Из беседы с А. И. Аджубеем следовало, что «под колпаком» были не только квартиры, дома и семьи высших руководителей партии, правительства, вообще всех, кто интересовал Берию, но и служебные кабинеты.

После возвращения Никиты Сергеевича в 1949 году в Москву из Киева Берия стремился сблизиться с Хрущевым, завоевать его расположение. Случалось, поздней ночью поджидал его на шоссе по дороге на дачу, чтобы побеседовать. Если Аджубей возвращался с Никитой Сергеевичем, то приходилось пересаживаться в машину грозного человека. Усатый шофер даже головы не поворачивал в сторону хрущевского зятя. Сидел неподвижно, как сфинкс, и казалось, машина движется сама по себе. Пассажиры первой машины беседовали. Алексей Иванович не без юмора рассказывал, что ему оставалось разглядывать стволы берез, мелькавших по обочинам Успенского шоссе. Березовые рощи в том районе Подмосковья — такие фотогеничные, их много раз снимали в разных фильмах… Однажды он не выдержал и спросил у шофера, можно ли закурить. Он не удостоил пассажира ответом, но как-то выразил запрещение. Может быть, движением офицерского погона с майорской звездочкой? И в самом деле, грешно было курить в автомобиле, пахнувшем свежей кожей.

Заговор против Берии

В январе 1998 года популярный еженедельник «Аргументы и факты» опубликовал в подборке необычных историй, когда-либо приключавшихся с читателями или услышанных ими, письмо москвича Ю. В. Земскова.

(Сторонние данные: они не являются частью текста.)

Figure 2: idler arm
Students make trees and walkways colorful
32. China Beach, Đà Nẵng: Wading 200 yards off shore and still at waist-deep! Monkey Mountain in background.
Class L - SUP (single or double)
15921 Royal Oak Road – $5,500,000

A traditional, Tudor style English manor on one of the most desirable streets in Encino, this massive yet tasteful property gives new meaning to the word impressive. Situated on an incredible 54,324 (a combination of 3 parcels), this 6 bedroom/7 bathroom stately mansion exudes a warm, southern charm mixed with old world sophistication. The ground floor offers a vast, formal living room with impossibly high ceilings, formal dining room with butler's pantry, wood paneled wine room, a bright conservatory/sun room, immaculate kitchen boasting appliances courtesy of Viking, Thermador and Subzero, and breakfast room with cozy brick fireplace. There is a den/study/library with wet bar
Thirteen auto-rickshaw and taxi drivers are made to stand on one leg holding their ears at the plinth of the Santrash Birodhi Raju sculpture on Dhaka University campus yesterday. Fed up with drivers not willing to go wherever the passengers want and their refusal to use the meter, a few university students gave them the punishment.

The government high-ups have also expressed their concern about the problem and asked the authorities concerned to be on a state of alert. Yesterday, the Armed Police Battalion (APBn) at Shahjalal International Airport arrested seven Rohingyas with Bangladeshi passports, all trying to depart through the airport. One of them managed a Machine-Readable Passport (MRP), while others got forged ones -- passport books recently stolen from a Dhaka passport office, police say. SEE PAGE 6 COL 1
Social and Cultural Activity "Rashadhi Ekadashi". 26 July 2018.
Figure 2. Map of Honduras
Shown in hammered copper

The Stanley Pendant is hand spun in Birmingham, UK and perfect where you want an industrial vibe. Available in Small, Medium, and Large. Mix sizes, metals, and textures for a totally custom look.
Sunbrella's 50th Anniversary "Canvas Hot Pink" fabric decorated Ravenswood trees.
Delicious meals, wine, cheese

История, которую он описал, происходила с 5 по 8 марта 1953 года. Ее Земскову рассказал дед, в то время один из руководителей 4-го Управления МГБ СССР.

Как известно, в тот же день, когда умер Сталин, МГБ и МВД были объединены под единым руководством Л. Берии. Такая власть в одних руках не на шутку перепугала очень многих в Кремле, ведь никто в тот момент не знал, что у Берии в голове, на чем он остановится, да и будут ли вообще какие-то границы. И это при том, что главой государства стал Маленков, с которым у Берии были неплохие отношения.

Я не знаю, пишет Земсков, известно ли это, но руководство МГБ прощалось со Сталиным по ночам (с полуночи до пяти утра), так как в дневные часы из-за скопления людей сделать это было невозможно.

И вот, получив специальный пропуск, дед со своей семьей направился к главному входу. Неожиданно их попросили остановиться. Не успели они этому даже удивиться, как мимо в траурный зал быстро прошли Берия, его заместитель Кобулов, жена Берии и еще два-три человека охраны.

На выходе дед столкнулся со своим знакомым, сотрудником МГБ. Они постояли, покурили. Хотя курить можно было только в «предбаннике», пепельницы (в виде ромбов на высоких золотистых ножках) стояли и в коридоре, который вел в зал, где проходило совещание.

Через 2–3 недели под различными предлогами были тихо уволены все сотрудники, которые охраняли Колонный зал в те незабываемые три дня.